I loved the Julie and Julia film, which my husband, somewhat surprisingly, also liked. Julia Child wrote Mastering The Art of French Cooking, a book that is missing from my cookbook stash (I don’t cook, but I do read). I might have to remedy that someday.

Julia Child was a delightful TV personality who I remember from my youth as fun to hear and watch. My husband remembers her as an unattractive woman whose voice he did not like. Different strokes… I did some quick research and decided it was safe to take him to this film anyway, that it was not just a chick-flick. He is a good sport when I get it wrong, but if he would not enjoy it, then I would prefer to go with girlfriends. I decided I deserved this outing. One of my favorite ways to treat myself is to see a film. Although software is never in the can, I like to compare the work of the filmmakers to the work we do with software, where an ensemble of people create a product that is brought to delivery.
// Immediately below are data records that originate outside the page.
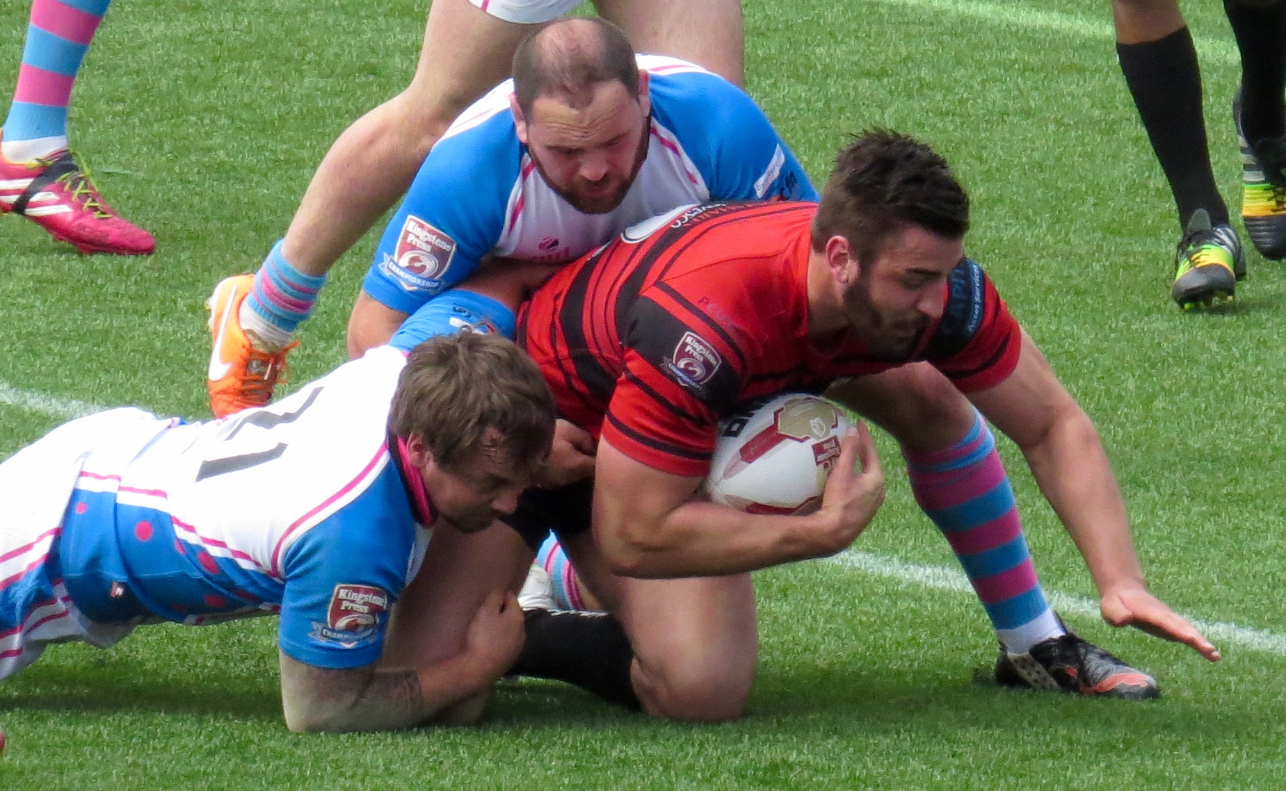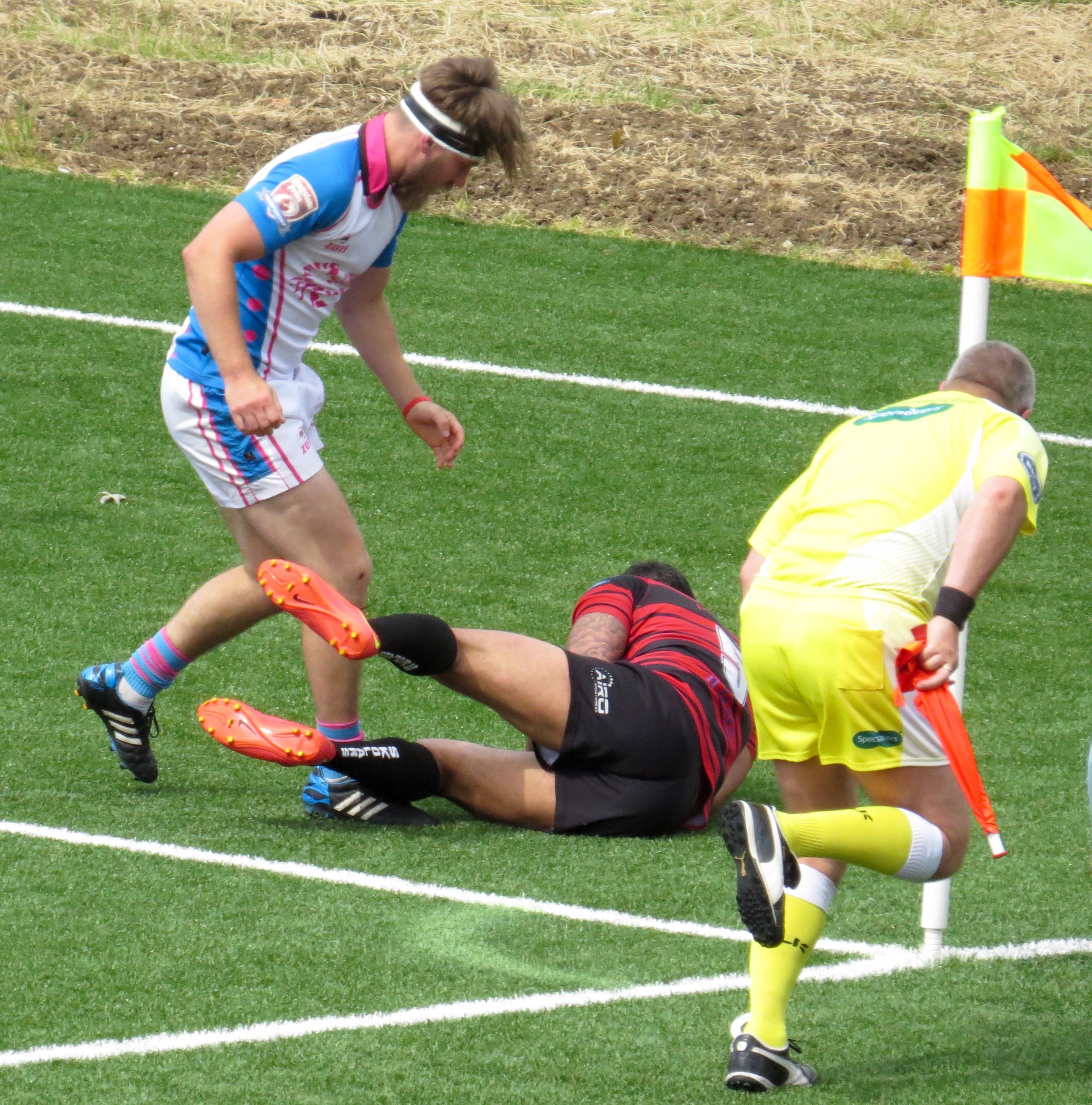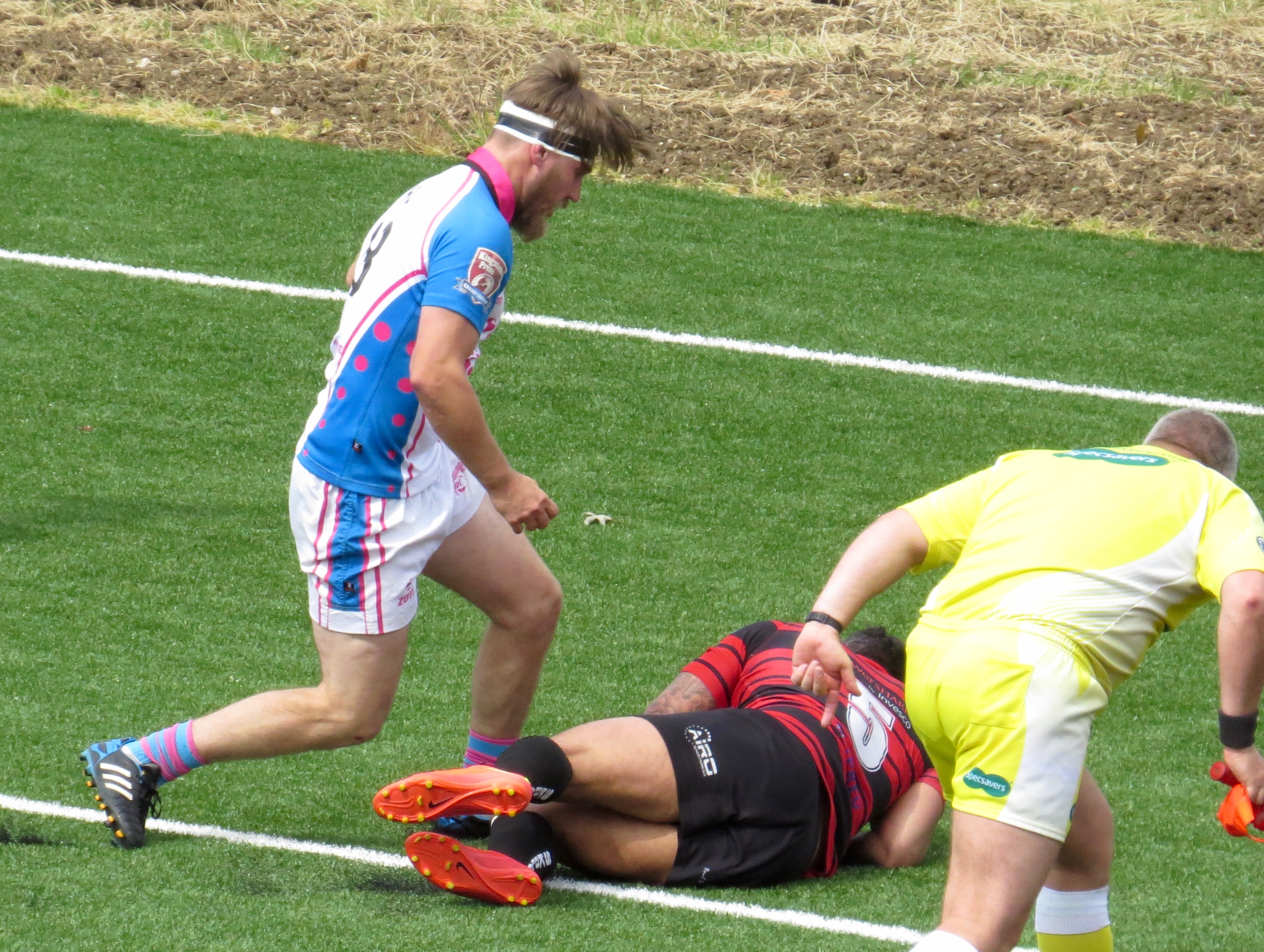 Skolars made a great break with Aaron Small racing after a kick, he was prevented from getting up after the tackle.  I’d judge that a yellow card wouldn’t have been harsh, it was to all intents and purposes a professional foul.
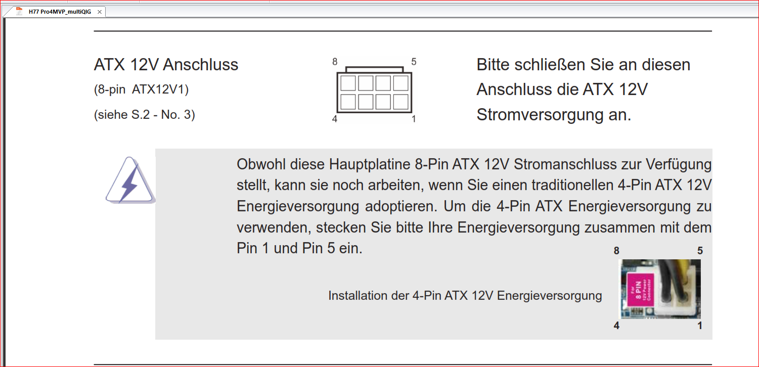 Bild 1: CPU Strom ist nicht angeschlossen.
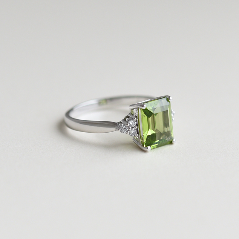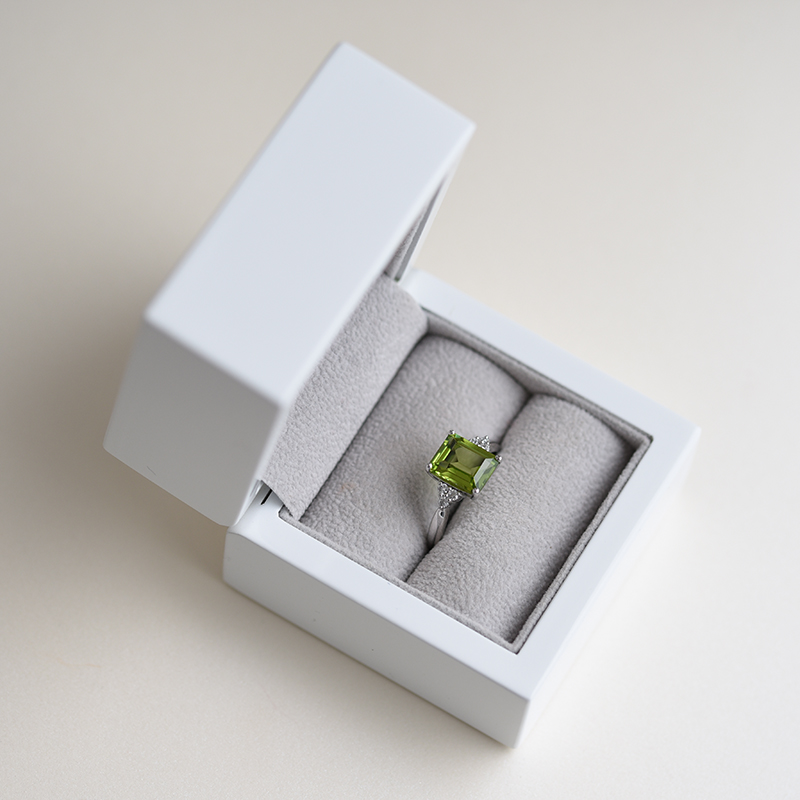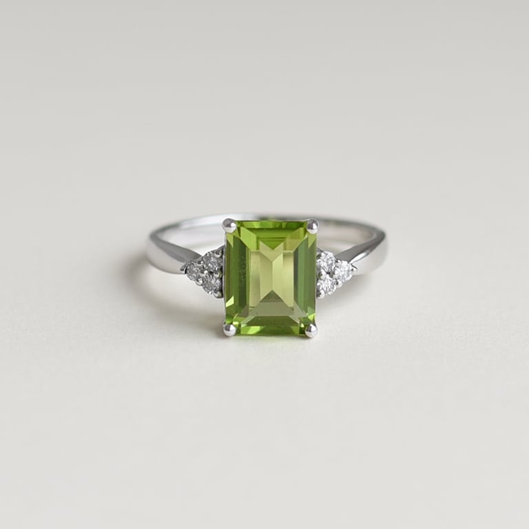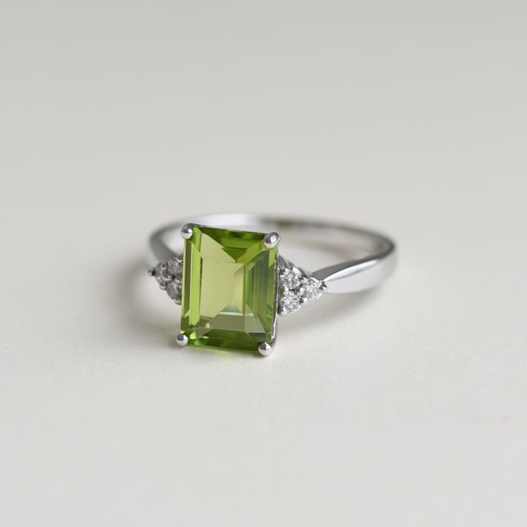 • 585er Weißgoldring mit großem Olivin als Blickfang
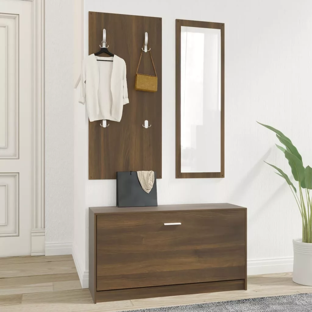 3 az 1-ben barna tölgy szerelt fa cipőszekrény szett
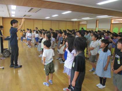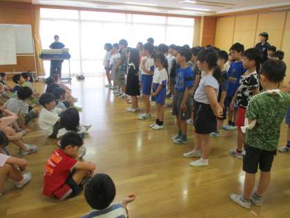 各クラスで練習していた「グッドモーニング」という曲を初めて学年で合わせて歌ってみました。静かな朝の様子を思い浮かべながら歌っています。ソプラノとアルトに分かれている部分もあるので、それぞれの音を聞きながらきれいなハーモニーになるようにがんばって練習していきます。
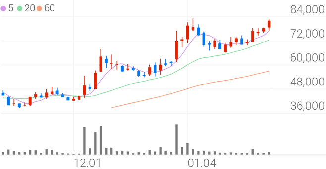 이오플로우가 52주 신고가를 경신했다. 전일 대비 6.52% 상승한 83,300원에 거래되고 있다.
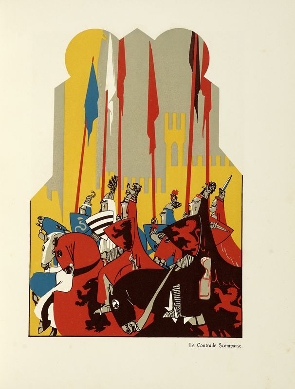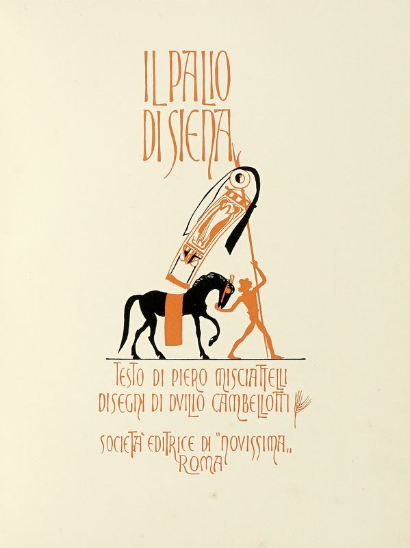 In-4° (mm 340x264). Pagine 149, 3 bianche con molte e bellissime xilografie a colori nel testo, di cui 29 a piena pagina, raffiguranti stemmi delle contrade e momenti del Palio. Internamente sporadiche e rare fioriture, per il resto in ottimo stato di conservazione. Bella legatura editoriale in piena pelle con titolo e stemma impressi a secco con finiture in tessuto colorato al piatto anteriore e rappresentazione di leone, sempre a secco, a quello posteriore. Sguardie decorate. Piatti leggermente lisi, lieve macchia visibile al piatto anteriore. Tiratura in 1000 esemplari numerati.
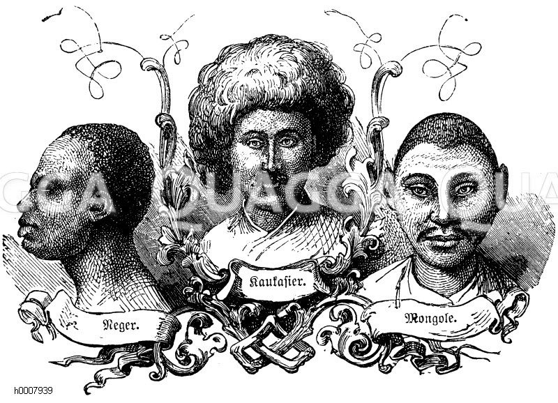 Afrikaner, Kaukasier, Mongole: Zeichnung/Illustration/Holzstich – – African, Caucasian, Mongolian – Africain, Caucasien, Mongol
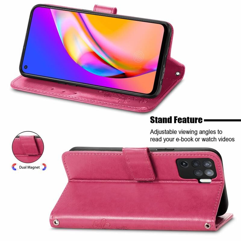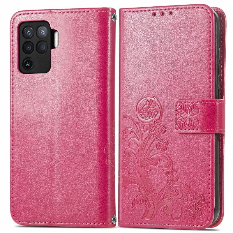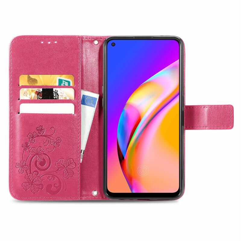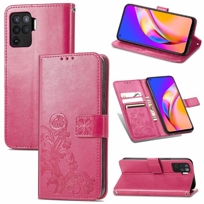 Για OPPO A94 4G/ F19 Pro Four-leaf Clasp ανάγλυφο αγκράφα κινητό τηλέφωνο προστασία δερμάτινη θήκη με κορδόνι & υποδοχή κάρτας & πορτοφόλι & βραχίονα λειτουργία (Rose Red)
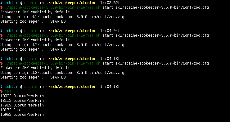 - 上面我是通过zkServer启动不同配置文件。你们也可以在不同的zk包下分别启动。最终效果是一样的。启动完成之后我们通过jps查看可以看到多了三个zk服务。在单机版的时候jps我们知道zk的主启动是QuorumPeerMain。

This film was great for me in that it showed not only a finished film product, but also the process of writing a cookbook and a blog. What fun! If you see the film, you might note that I am not obsessed with my blog as this Amy Adam’s character was. There is no aspect of writing this blog that has taken any toll on my marriage, for example. Clearly I am not writing every day, not even every week, but when I feel like writing, I do. Some might think I’m undisciplined, but I think I do a reasonable job at setting priorities.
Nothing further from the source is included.